This page is meant to work as a reference point. Rather than presenting leasing as a single undifferentiated product, the entries collected in this business directory of UK leasing services separate vehicle funders from equipment specialists, brokers from principal lenders, and high street banks from independent finance houses. Readers can use the listings to understand who does what before approaching a provider, which is the practical value a focused web directory adds over a general search.

How the UK leasing market is structured

The UK leasing market is large by any measure and forms a meaningful part of total business finance. The Finance and Leasing Association, the main trade body for the sector, reported that its members provided around 163 billion pounds of new finance to UK businesses and households in 2025, with asset finance new business roughly one per cent higher than the previous year (Finance and Leasing Association, 2026). Asset finance lending to small and medium-sized enterprises reached a record level of more than 24 billion pounds in the same period. These figures make leasing one of the largest non-bank sources of funding for the productive economy, which is why a dedicated UK asset finance directory has practical worth for businesses comparing options.

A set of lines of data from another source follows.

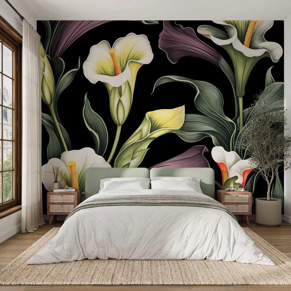 Fototapetak Fehér-zöld és lila kála liliomok fekete háttéren Nr. w08752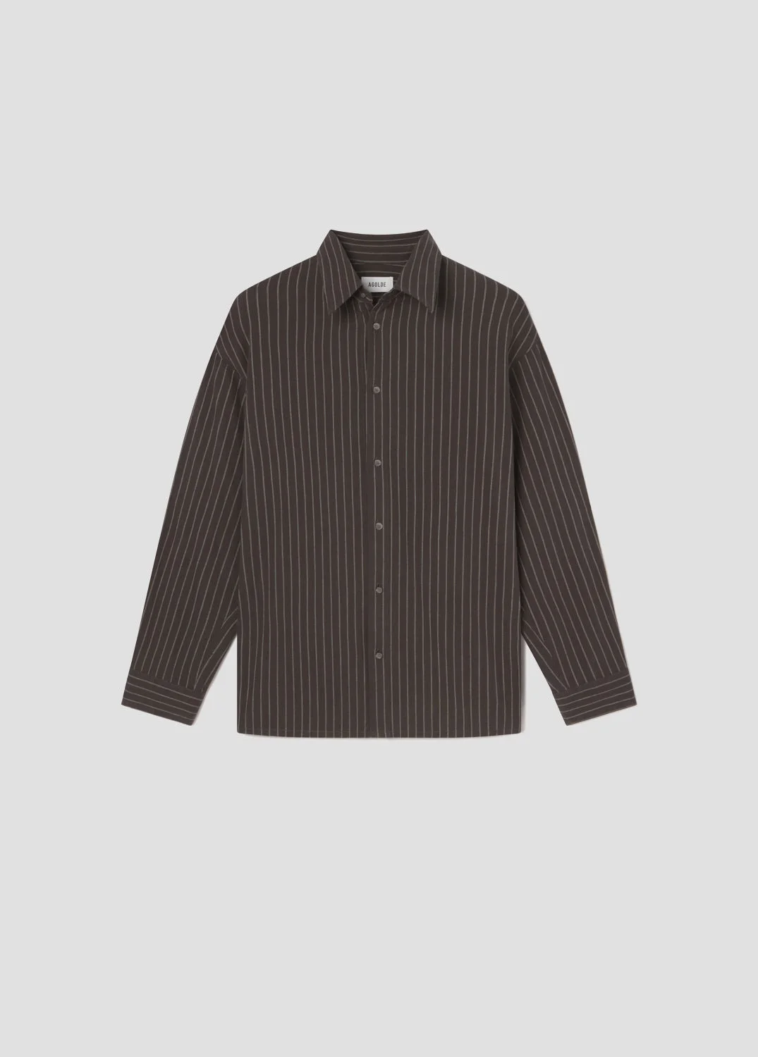 Crafted from Japanese cotton poplin, this casual shirt features a point collar and straight hem. Lightweight and breathable, it offers a relaxed yet refined look. This fit is true to size. Looks Like: Dark grey two toned striped long sleeve button front collared shirt Feels Like: Lightweight cool to the touch woven fabric MORE DETAILS Body Length: 31 1/2" Shoulder to Shoulder: 22 3/4" Sleeve Length: 25" Model is 6'2" and wearing a size Medium Fabric: 90% Cotton, 5% Linen, 5% Ramie Care Instructions: Machine wash cold. Made in Turkey with imported materials A4039-1850-BKTR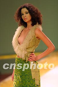 十一月二十三日晚,杉杉·玫瑰黛薇2004年春夏時裝發(fā)布會在北京中國大飯店舉行,設(shè)計師通過步料的選擇兼收并蓄多個地區(qū)和民族的特點,使時裝散發(fā)出濃厚的異域情調(diào)和時尚氣息。中新社記者:盛佳鵬
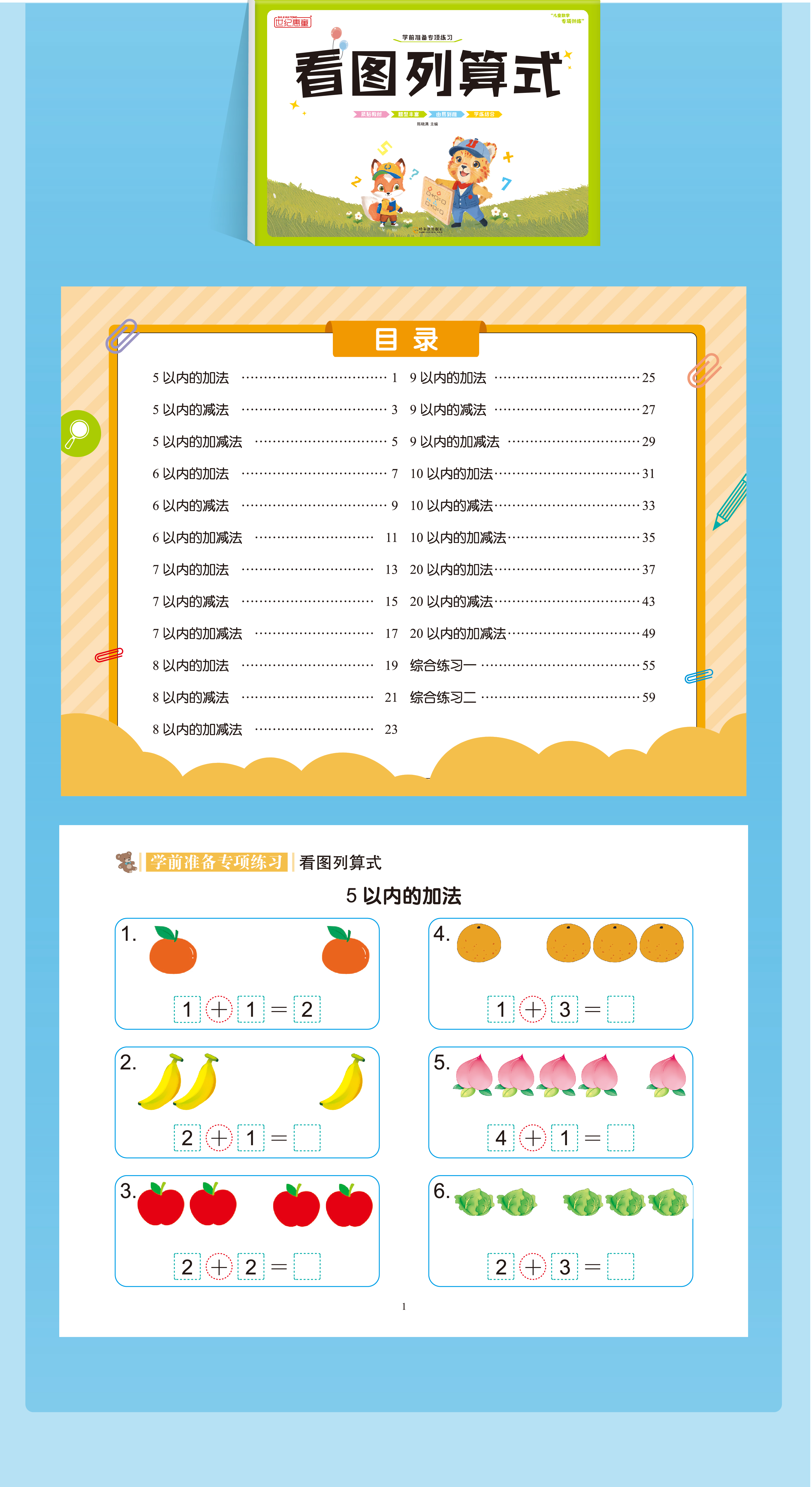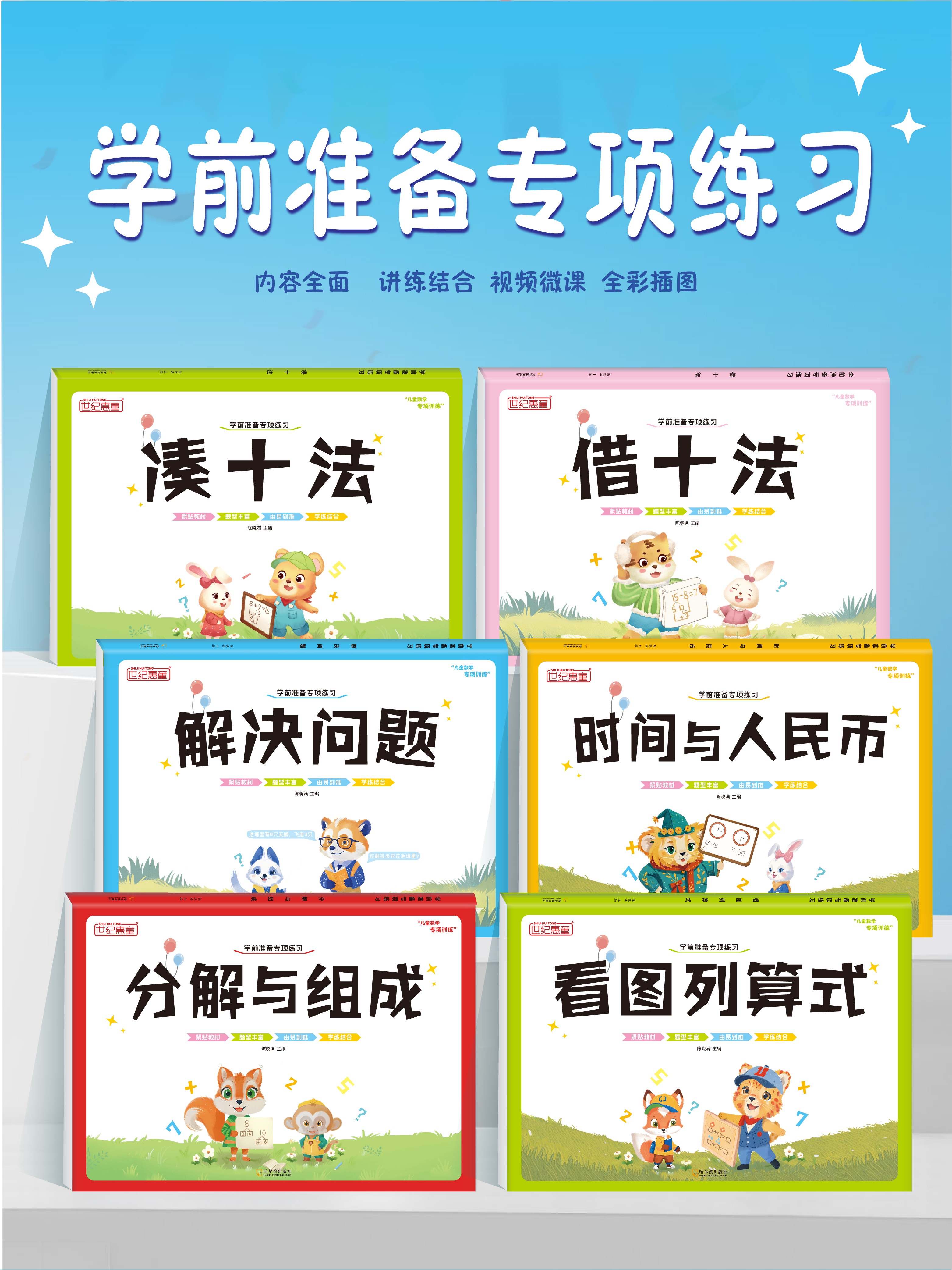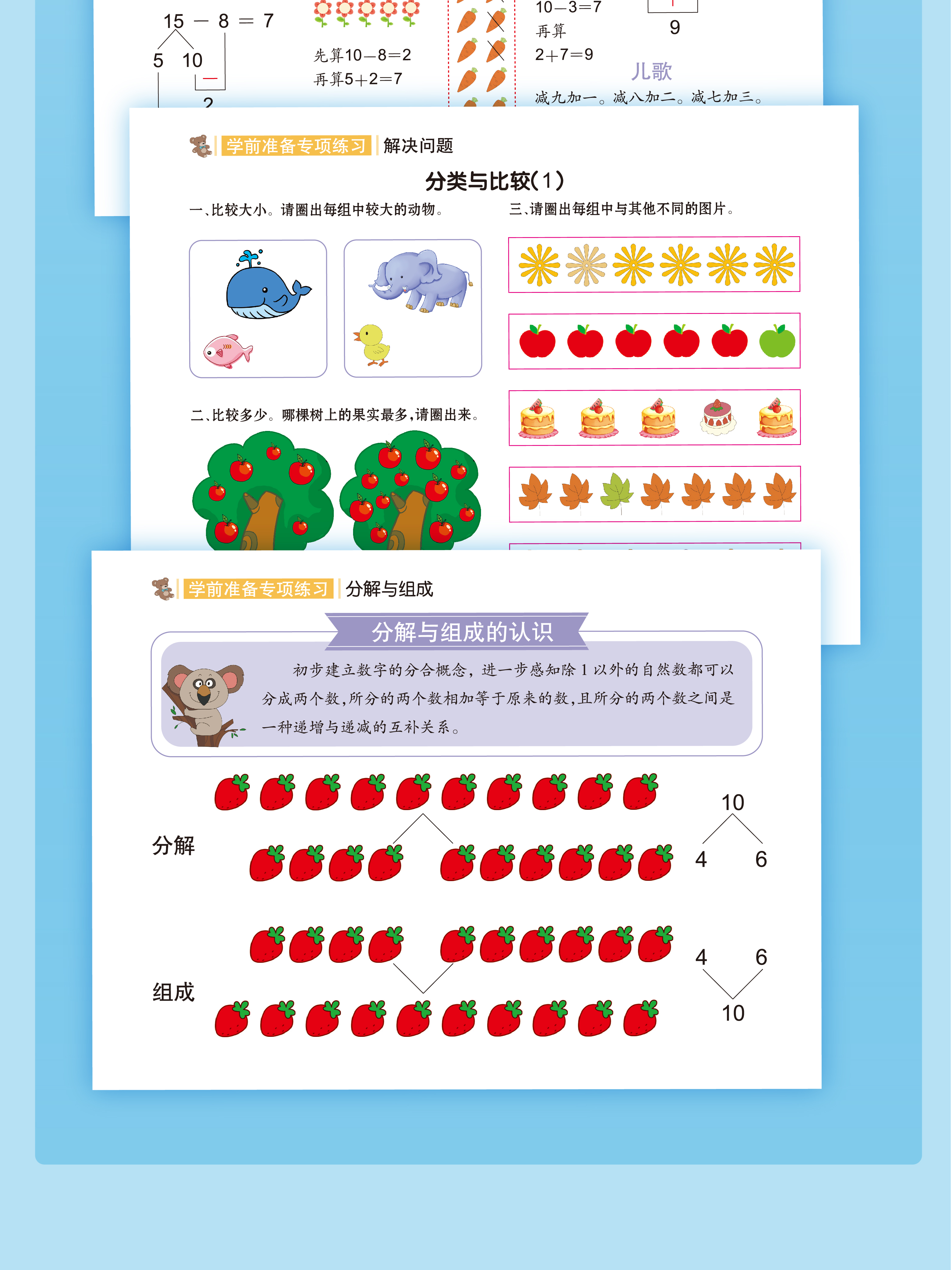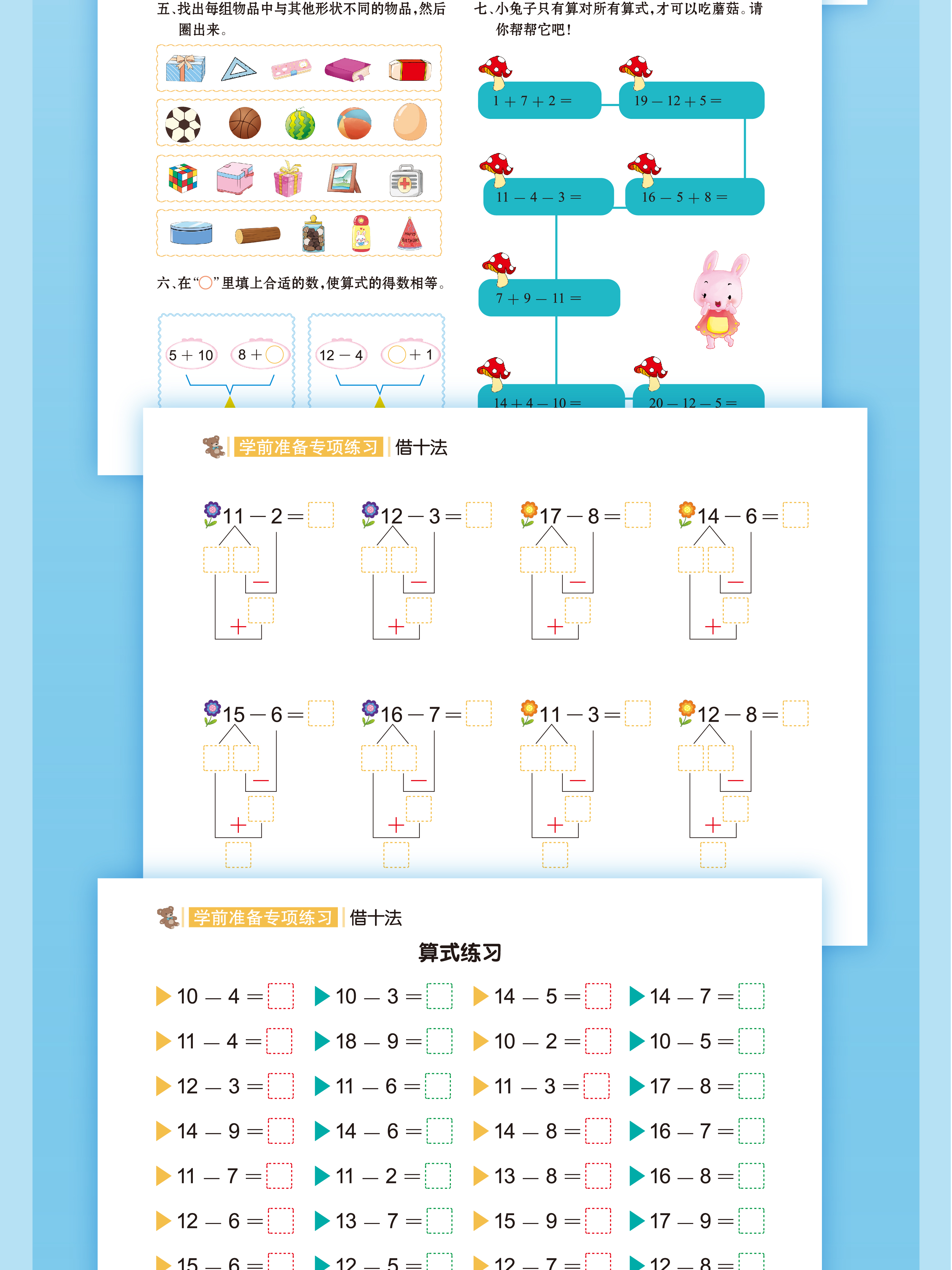 升级版幼小衔接借十法凑十法数学专项启蒙加减法练习册一年级看图列算式 【升级版彩图大开本】借+凑+分解+看图列算 共4本

Participants in the market fall into several types. At one end are the captive finance arms of manufacturers, such as the lending divisions attached to major car and truck makers, which exist primarily to support sales of their parent's products. Alongside them are the asset finance subsidiaries of the large clearing banks, independent finance houses that specialise in particular asset classes, and challenger lenders that have entered the space more recently. Brokers and intermediaries sit between these funders and the end customer; they package deals and shop a single application around several lenders. A web directory of UK leasing companies tends to list all of these participant types, and the entries here are organised so that a reader can tell a broker from a principal funder.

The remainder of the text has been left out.